Das Wissen darüber, ob und wie ein Bauteil gefertigt werden kann, aber auch mit welchem Aufwand und zu welchen Kosten, ist elementar für den Entwicklungsprozess. Viele Konstrukteure neigen dazu, Bauteile nach ‚Funktion‘ zu konstruieren (Design-to-Function), das heißt das Bauteil erfüllt zwar alle Stabilitäts-, Funktions- und Geometrieanforderungen, die Herstellbarkeit und Beschaffungskosten werden dabei aber nur unzureichend berücksichtigt. Die Folge davon ist, dass erst sehr spät im Beschaffungsprozess, wenn die Zeichnungen vom Teilefertiger geprüft werden, die fertigungstechnischen Defizite der Konstruktion aufgedeckt werden. Es kann zu zu teuren, nachträglichen Bauteiländerungen, großem Abstimmungsaufwand und letztendlich zu unnötig hohen Beschaffungskosten kommen, da nicht alle fertigungstechnischen Potenziale ausgenutzt werden konnten. Laut einer Umfrage unter Gießereien ist jede dritte Bauteilzeichnung nicht im angefragten Verfahren fertigbar, über die Hälfte der Bauteile muss konstruktiv angepasst werden und mehra als 50 Prozent weist fehlerhafte Dokumentation oder nicht normgerechte Toleranzen auf. Hier hat sich Potenzial versteckt, das es zu heben gilt. Schließlich hat der Konstrukteur 80 Prozent der beinflussbaren Herstellungskosten in der Hand.

Fertigungsperspektive berücksichtigen

Das Potenzial für Kosteneinsparungen durch eine konsequente Berücksichtigung der Fertigungsperspektive während der Entwicklung (‚Design-for-Manufacturing-and-Assembly’/ “Design-to-Cost‘) ist enorm. Nicht jeder Konstrukteur verfügt jedoch über das Wissen, um seine Bauteile im jeweiligen Fertigungsverfahren zu optimieren bzw. in alternative Verfahren und Materialien zu überführen. Die ‚Rule of 10‘ besagt, dass die Kosten der Fehlerbehebung in jeder einzelnen Stufe der Wertschöpfungskette um den Faktor 10 steigen. Dieses Problem hat man in der Industrie erkannt und begegnet ihm mit organisatorischen Maßnahmen, wie z.B. einer frühen Integration von Lieferanten in den Entwicklungsprozess (Advanced Purchasing) oder dem Aufbau von Simultaneous Engineering Teams. Ebenso wird versucht einen internen Experten-Pool aufzubauen, um bei technologischen Fragestellungen die operativen Einheiten unterstützen zu können. Diese Ansätze geraten jedoch zunehmend an ihre Grenzen. Die frühzeitige Integration von Lieferanten z.B. steht sowieso vor allem Unternehmen mit einer gewissen Marktmacht zur Verfügung und wird von den Lieferanten nur bei sicherer Auftragsvergabe akzeptiert. Die Verfügbarkeit und Reaktionsschnelligkeit der In-house-Experten entspricht nur selten der notwendigen Lösungsgeschwindigkeit operativer Fragestellungen. Zudem erweist sich der Aufbau eines eigenen Expertenpools gerade für exotische Verfahren als äußerst kostenintensiv. Das ist nicht zuletzt Schade, da mit dem notwendigen Wissen für eine fertigungsgerechte Konstruktion bis zu 40 Prozent der Bauteile günstiger hergestellt werden können.

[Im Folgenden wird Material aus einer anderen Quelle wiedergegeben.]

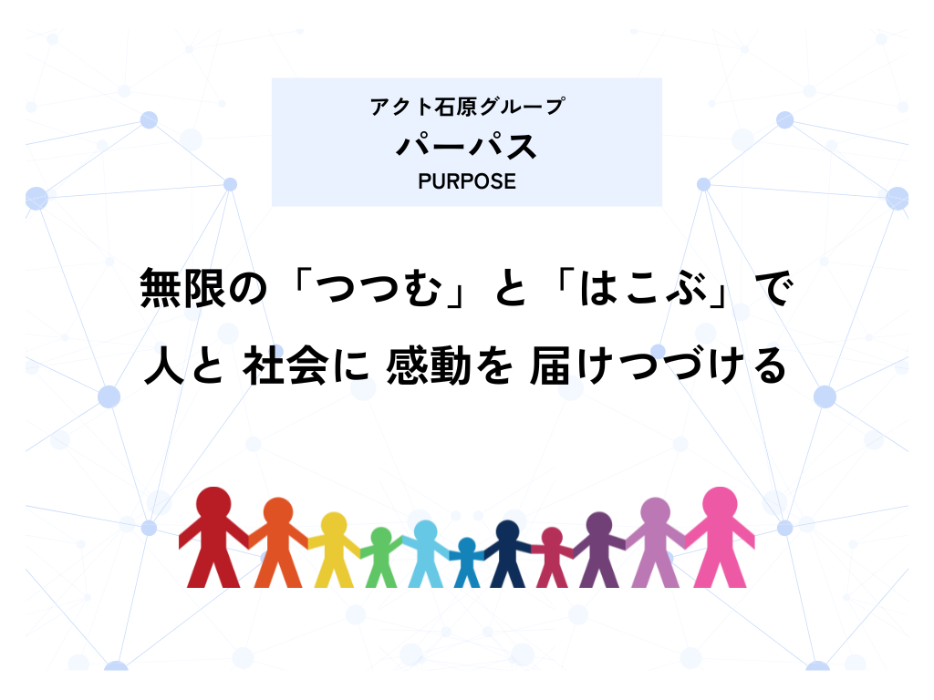 当社は創業100年という大きな節目を迎えた2024年に、アクト石原グループの企業活動の 志・約束 を示した『パーパス』を策定いたしました。
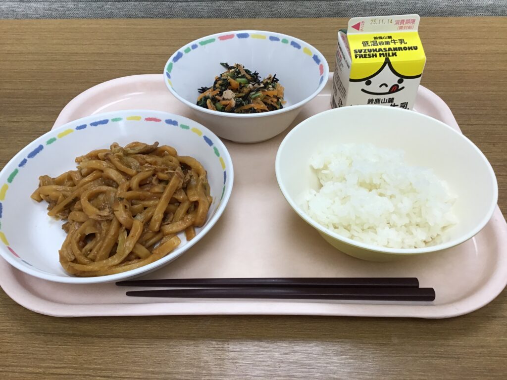 この日の献立は、ご飯、味噌焼きうどん、小松菜とひじきとツナの和えものでした。子どもたちが大好きな味噌焼きうどんは、タレもレシピも、「亀山味噌焼きうどん」を参考にしています。タレは、赤味噌、砂糖、みりん、しょうゆ等と、一味唐辛子が入っています。子どもたちは、うれしそうに、美味しそうに給食を食べていました。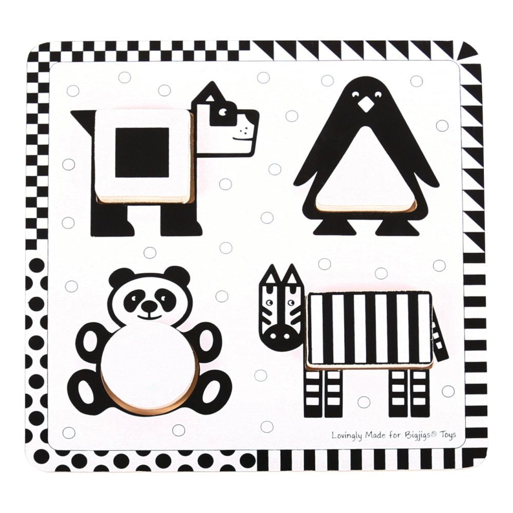 Questo puzzle in legno è stato appositamente progettato in bianco e nero perché il bianco e nero sono i colori più facilmente riconoscibili dai bambini piccoli e a cui reagiscono. Ciascuno dei quattro pezzi del puzzle può essere inserito nel posto sul tabellone con l'illustrazione di animali e aiuterà il tuo bambino nello sviluppo quando imparerà a identificarli e posizionarli. Ogni massiccio pezzo di puzzle in legno ha dimensioni generose per essere facilmente sollevato, afferrato, esplorato e scambiato dalle piccole mani. Aiuta a sviluppare la manualità, le capacità sensoriali e la concentrazione. Realizzato con materiali di alta qualità, provenienti da fonti responsabili. Conforme alle attuali norme di sicurezza europee. Contiene 4 pezzi di puzzle. Principali caratteristiche:  appositamente progettato per i bambini più piccolicontiene 4 pezzi di puzzlesviluppa la manualità, le capacità sensoriali e la concentrazione

Kleine Fragestellungen, hohe Kosten?

Am Ende des Tages sind es die kleinen Fragestellungen und Bauteildetails im Konstruktionsalltag des Entwicklers, die über die Herstellbarkeit und die Herstellungskosten des Bauteils entscheiden. Eine Aussparung im Bauteil, die zu einem zusätzlichen teuren Schieber im Werkzeug führt oder Angsttoleranzen, die unnötige Nachbearbeitung verursachen etc. – die Liste der unbewussten Kostentreiber ist lang.